Diagnostic Value of Lingual Tonsillectomy in Unknown Primary Head and Neck Carcinoma Identification After a Negative Clinical Workup and Positron Emission Tomography-Computed Tomography

Chad K. Sudoko, Dartmouth College
Benoit J. Gosselin, Dartmouth College
Joseph A. Paydarfar, Dartmouth College

Open access publishing fee supported by the Dartmouth Open Access Publishing fund.

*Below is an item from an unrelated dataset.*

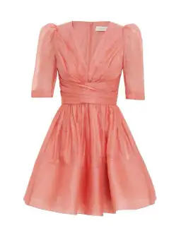 Zimmermann The Wonderland Sleeved Mini Dress in Guava Size 3/Au 14

OBJECTIVE: Diagnostic rates of unknown primary head and neck carcinoma (UPHNC) using lingual tonsillectomy (LT) are highly variable. This study sought to determine the diagnostic value of LT in UPHNC identification using strict inclusion criteria and definitions to produce a more accurate estimate of diagnosis rate. METHODS: In this retrospective chart review, records of patients who underwent LT for UPHNC were reviewed. Inclusion criteria included absence of suspicious findings on physical exam and positron emission tomography-computed tomography as well as negative biopsies after panendoscopy and palatine tonsillectomy. Following inclusion criteria, 16 patients were reviewed. A systematic literature review on LT for the workup of CUP was also performed. RESULTS: LT was performed using transoral robotic surgery (TORS), transoral laser microsurgery (TLM), or transoral microsurgery with cautery (TMC). Following LT, primary tumor was identified in 4 patients out of 16. Detection rate by technique was 1/6, 2/7, and 1/3 for TORS, TLM, and TMC respectively. Postoperative bleeding occurred in three patients (19%); however, this was not related to the LT. Following literature review, 12 studies were identified; however, only 3 had enough data to compare against. All three studies had a cohort with suspicious findings on clinical exam. A total of 34 patients had a negative workup, with no suspicious findings on clinical exam and subsequently received an LT. CONCLUSION: This study suggests that LT should be considered initially in the diagnostic algorithm for UPHNC. This study can increase the patient size in this cohort by approximately 47%.